The Way Out of a Spiritual Crisis

A member of the congregation loaned me a book, The Sure Victory, by Madame Chiang Kai-shek. Also known by her given name, Soong Mei-ling, Madame Chiang was the First Lady of the Republic of China. She rallied the Chinese people against the Japanese invasion of China in the 1930s. Educated at Wellesley College, she made several visits to the U.S. to win support for the Chinese war effort against Japan. When her husband’s Nationalist government fell to the Communists in 1949, Madame Chiang retreated with her husband to Taiwan, but she continued to be active in international political and humanitarian efforts. Madame Chiang was a Christian. The Sure Victory is the story of her growing faith in the power of prayer, and her experience of being a woman of faith on an international stage.


Madame Chiang’s first spiritual crisis was her mother’s death in 1931, coupled with natural disasters and a rising Communist insurgency inside China and Japanese threats from the outside. She did not know how to bear the burdens of living without her mother to rely on. At that time, she noticed that her husband, who had recently converted to Christianity, was, with a great deal of difficulty, making his way through the Old Testament. Madame Chiang had taken a course in Old Testament at Wellesley. She dug out her old notes and helped her husband make sense of the history, poetry, and prayers of God’s covenant people. That experience led to the couple praying together every

morning and evening.

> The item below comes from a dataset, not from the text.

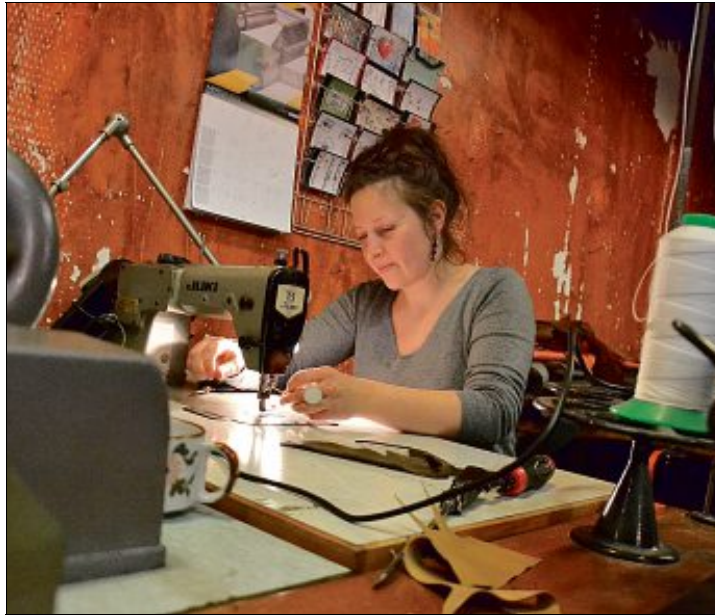
Les métiers d'art représentent un véritable atout pour le développement du bassin thiernois. (PHOTO D'ILLUSTRATION)

Et parmi ces entreprises labellisées, de nombreuses sont dans le secteur des métiers d'art. « Il existe en France plus de 200 métiers répertoriés comme mé-

She wrote that, with faithfulness to prayer and learning over the years, there often came “a feeling of deep spiritual peace… bringing a completely annihilated self, with the mind in quiet and continuous absorption in the keen contemplation of God.”


These days, many of us are experiencing a similar spiritual crisis brought about by the combination of personal grief, political crises, and public health disasters. I wonder if the path to healing and wholeness for Christians in crisis lies along the same paths that Madame Chiang ventured: mentoring and teaching new Christians. Take a look around you. Who do you know who is new to the faith, or is delving deeper into discipleship? Come along beside them, and offer your wisdom and experience to them. See if you don’t find a deeper peace, one that the turmoil of the present moment can’t disturb.